QUEEN CITY SHEET METAL AND ROOFING, INC.  

OSHRC Docket No. 4322

Occupational Safety and Health Review Commission

November 6, 1975

  [*1]  

Before: BARNAKO, Chairman; MORAN and CLEARY, Commissioners

COUNSEL:

Robert A. Friel, Assoc. Regional Solicitor

John H. Ober, for the employer

OPINION:

DECISION

BY THE COMMISSION: A decision of Review Commission Judge Jerry W. Mitchell, dated May 29, 1975, is before this Commission for review pursuant to 29 U.S.C. §   661(i).

Having examined the record in its entirety, the Commission finds no prejudicial error therein.   Accordingly, we affirm the Judge's disposition of this case.  

DISSENTBY: CLEARY

DISSENT:

CLEARY, Commissioner, DISSENTING:

I respectfully dissent from the majority's decision.   The decision falls short of ruling upon the exceptions of the Secretary of Labor in the manner required by section 8(b) of the Administrative Procedure Act.   5 U.S.C. section 557(c).   The majority does not adopt the Administrative Law Judge's decision as its own.   It merely finds "no prejudicial error" in his decision.   It is unclear whether they find that there is no error whatsoever, or whether there is error but it is not prejudicial. If the latter is intended there is no indication as to why it is not prejudicial. Of course it is not necessary that the exceptions be separately or expressly ruled upon.   Key v. United    [*2]   States, 263 F. Supp. 544 (S.D. Ind. 1966). But the Secretary of Labor is entitled to know why his exceptions are overruled.   Also, a reviewing court may have no choice but to remand the case to us because it "must know what a decision means before the duty becomes [theirs] to say whether it is right or wrong." The B.F. Goodrich Co. v. O.S.H.R.C., No. 74-1836 (6th Cir., April 24, 1975), quoting United States v. Chicago, M., St.P. & P. R.R., 294 U.S. 499, 510-11 (1935) (Cardozo, J.).   See also, Brennan v. Butler Lime & Cement Co., No. 74-1963 (7th Cir., September 5, 1975) (slip op. at 9-10, 13).

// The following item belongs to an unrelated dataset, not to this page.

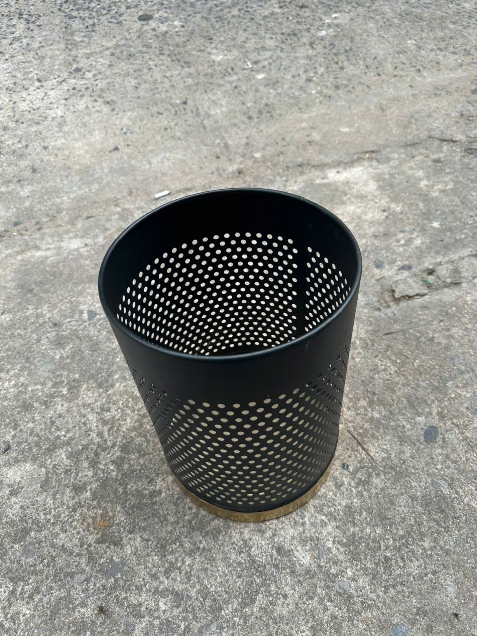 Thông Tin Chi Tiết Sản Phẩm Thùng Rác Sơn Đen Đế Inox Mạ Vàng Ø22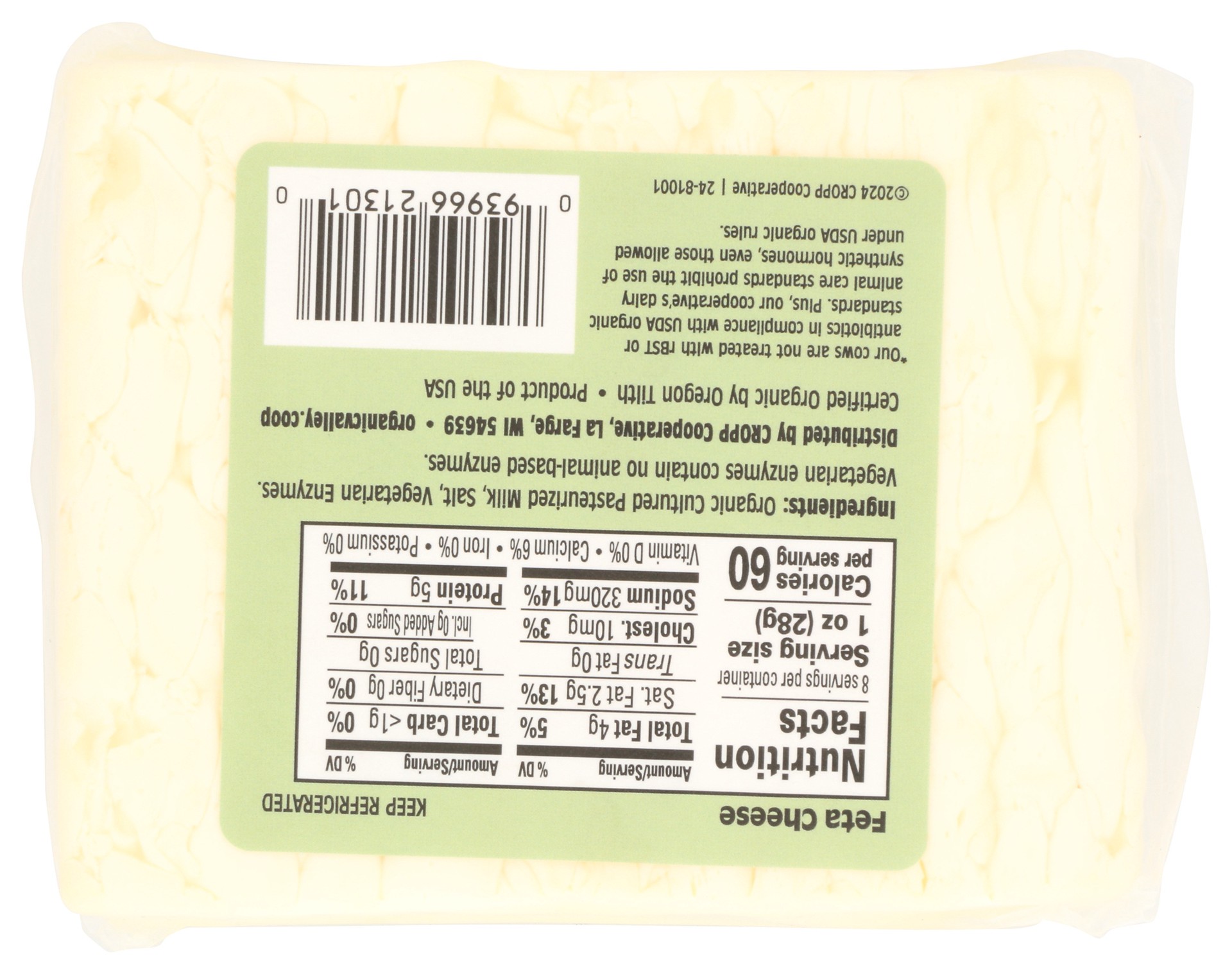 Organic Valley Feta,og2 Cow Milk 8oz - 8 Oz

The vacated citation alleged a violation of section 5(a)(2) of the Occupational Safety and Health Act of 1970, 29 U.S.C. §   651 et seq., for failure to comply with 29 CFR §   1910.212(a)(3)(ii) in that the respondent employer's mechanical punch presses lacked point-of-operation guards.   Judge Mitchell held that under 29 CFR §   1910.5(c)(1) the cited standard was inapplicable here because a more specific standard, 29 CFR §   1910.217, is applicable to mechanical punch presses (which the parties agree is a species of mechanical power press).   The Judge then relied on the [*3]   divided Commission decision in Stephens Equipment Co., No. 1060 (April 23, 1973) and held that respondent was excused from non-compliance with 29 CFR §   1910.217 by virtue of subsection 1910.217(a)(2).

On review, the Secretary acquiesces in Stephens Equipment Co., supra, but in reliance on the Commission decision in Irvington-Moore, Div. of U.S. Natural Resources, Inc., No. 3116 (April 7, 1975), he urges that by virtue of 29 CFR §   1910.217(a)(2), section 1910.217 is inapplicable, and section 1910.212 therefore applies with full force.   This powerful argument was not discussed by the Judge, and is not mentioned by the majority.   This is plainly a failure to comply with the requirements of section 8(b) of the APA, as indicated above.

In my opinion, Stephens Equipment Co., supra, should be overruled.   My views on this matter are fully set forth in Trojan Steel Co., No. 2885 (July 18, 1975) (separate opinion of Commissioner Cleary).   True, the Secretary has acquiesced in Stephens Equipment, but this Commission is not bound by a party's erroneous view of the law.   Sigman Meat Co., No. 251 (May 6, 1974) (at note 2).   See generally, Leflar,   [*4]   Appellate Judicial Opinions 126-131 (1974).   The final resolution of this question is a matter of public interest that "must receive active and affirmative protection at the hands of the Commission." Brennan v. O.S.H.R.C. & John J. Gordon Co., 492 F.2d 1027, 1032 (2d Cir. 1974) (Friendly, J.), quoting Scenic Hudson Preservation Conf. v. F.P.C., 354 F.2d 608, 620 (2d Cir. 1965), cert. denied 384 U.S. 941 (1966). "When the record . . . reveals an erroneous application of the law, the Commission has the authority to correct that erroneous application in order to assure that the Commission decision is in all respects correct and proper . . . ." Stevens Equipment Co., supra (2 OSAHRC at 1505).